Automated Workflows for Reconfigurable Nanomaterials Published in Advanced Functional Materials

Cross-disciplinary approaches, including lab automation, machine learning, and computer vision methods, open new possibilities in analysing complex colloidal systems with reversible features based on microstructural periodicities.

Researchers from Manufacturing Futures Lab: Mr. Yueyang Gao (First author), Dr. Maximilian O. Besenhard, collaborated with System Identification Group (Prof. Federico Galvanin) and AdReNa Group (Prof. Stefan Guldin, Corresponding author) in the Department of Chemical Engineering at UCL developed automated data-driven workflows for predicting and analyzing aggregation behavior of nanoparticles in liquid crystals, advancing the discovery of nanomaterial systems with programmable and reconfigurable features. Their latest breakthrough was published in Advanced Functional Materials, which was also selected for themed collections in hot topics of Artificial Intelligence and Machine Learning, and Gold. 

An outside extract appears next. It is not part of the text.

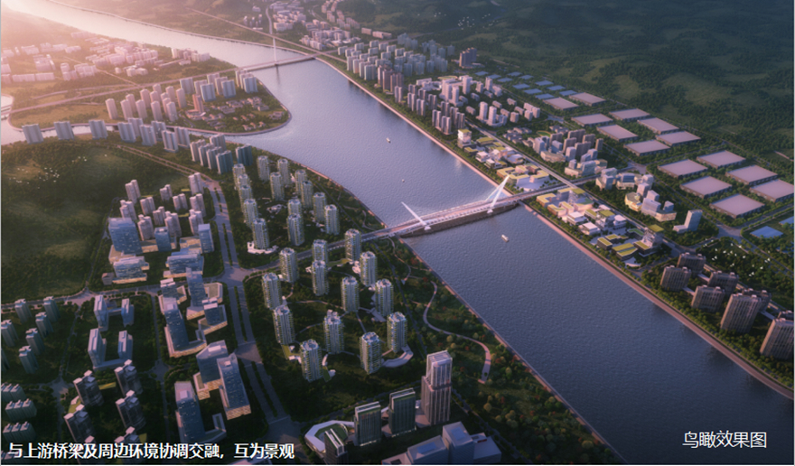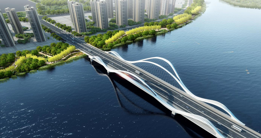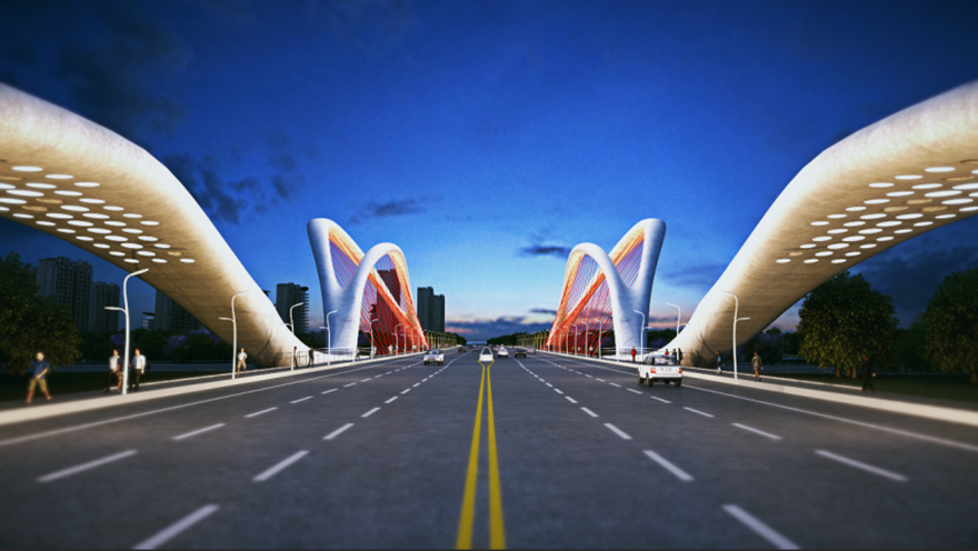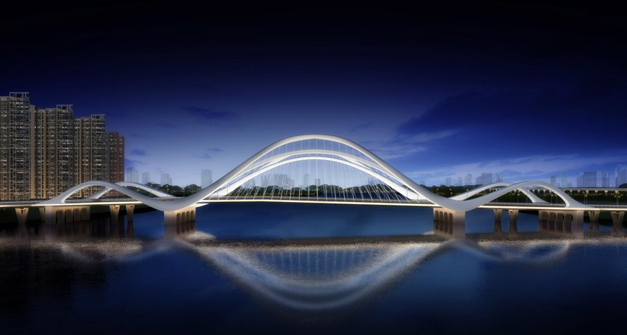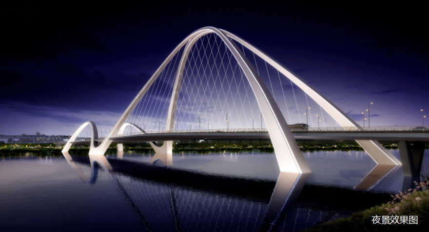 橋梁采用主橋300m下承式系桿拱橋。主拱拱肋具有雕塑感,模仿種子萌芽造型,搭配兩側(cè)小拱,形成眾星捧月之勢,寓意科技創(chuàng)新的萌芽,充分表達(dá)科技城的創(chuàng)新力、生命力。
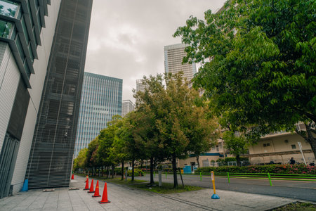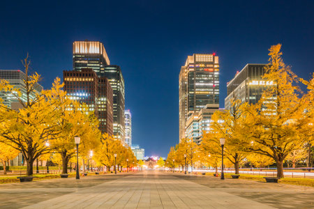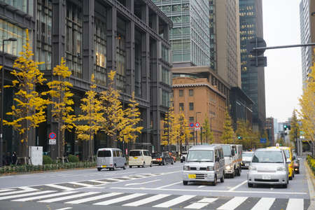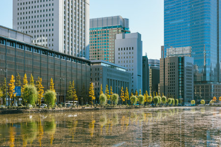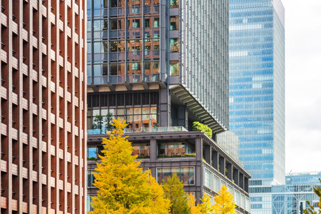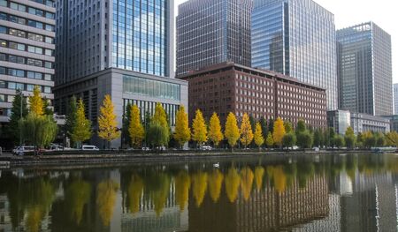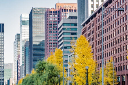 Buildings in Tokyo with autumn leaves. Golden leaves foliage gingko Maidenhair trees in front of high-rise corporate office buildings in late Autumn in Tokyo Japan

Gold nanoparticles (AuNPs) have gained prominence in chemical and biomedical fields as versatile nanoscale building blocks, Liquid crystals (LCs) offer a promising matrix for fundamental research and AuNPs applications, but this potent system exhibits complex and dynamic behavior due to colloidal instability. Thus, optimizing the solubility of AuNPs here remains difficult due to the interplay of multiple experimental variables, necessitating extensive combinatorial trials. 

In this study, an automated platform combined with a Design of Experiment (DoE) framework was employed to streamline the optimization, using robotics to accelerate traditional experimental trials. A random forest model, trained on a relatively small dataset, successfully predicted aggregate classifications with high accuracy. Aggregate behavior was further analyzed by UV-vis spectroscopy with automated data processing for feature reduction. These steps enhanced the closed-loop optimization by iteratively constructing a generalized additive model for predicting spectral features. AuNPs with optimized solubility were validated for hierarchical assembly during thermocycling tests. Computer vision methods were used to quantify the reversibility of LC-AuNPs systems, utilizing information entropy derived from pattern recognition algorithms to realize the high throughput analysis on pixel-level.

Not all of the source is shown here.